Tim Burton Movie Unites Tampa Bay’s Film Commissions
February 20, 2015
Filming begins Saturday around Tampa Bay on director Tim Burton’s next feat of movie magic, Miss Peregrine’s Home for Peculiar Children.
Yet attracting the production here is a neat trick itself, making a friendly rivalry between Pinellas and Hillsborough counties disappear.
Both counties’ film commissions are joining forces, putting money where their individual interests lay. Each agency will pay $100,000 incentives to the production, after certain requirements are met.

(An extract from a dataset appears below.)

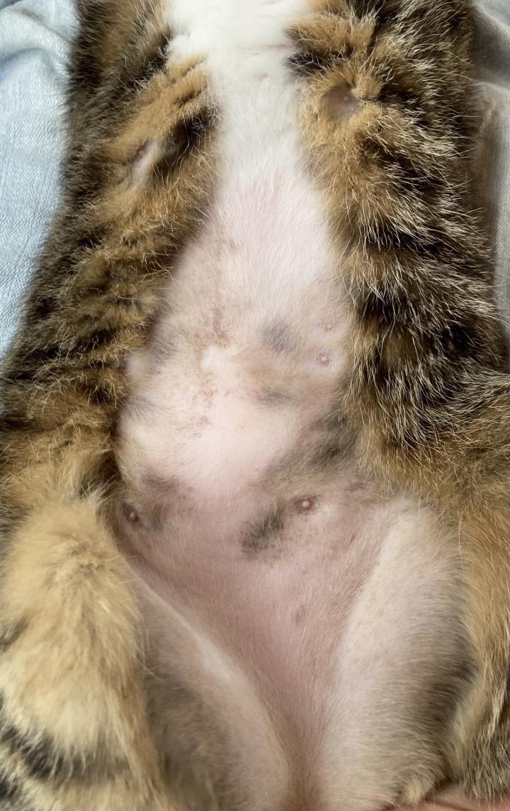 でも1月の地震から悪化してお腹だけだったのが胸までハゲてしまいました。

Pinellas County views this as a film and tourism marketing investment; Hillsborough sees a chance to boost infrastructure and employment.
The goals may be different but, for the first time in memory, the two film commissions are solidly and fiscally on the same team.
“I didn’t realize there was a big competition,” said St. Petersburg-Clearwater film commissioner Tony Armer, hired for the position in 2014. “I thought we were all just one big happy family around here.”
Tampa-Hillsborough film commissioner Dale Gordon thought the same, after being hired away from Orlando’s agency in 2013.
“When I got here, that was one of the first things brought to my attention,” she said, “that there really wasn’t a united front in the past. To me, that seemed silly, coming from a regional film commission where we represented four counties.
“When filmmakers come here they don’t see city lines or county lines. They just say, ‘I want to film in Tampa Bay,’ so it just makes perfect sense that we work together.”
Miss Peregrine’s Home for Peculiar Children is expected to film locally until March 7, when the production will move to its primary locations in the United Kingdom for completion. Twentieth Century Fox has slated a March 4, 2016 release date.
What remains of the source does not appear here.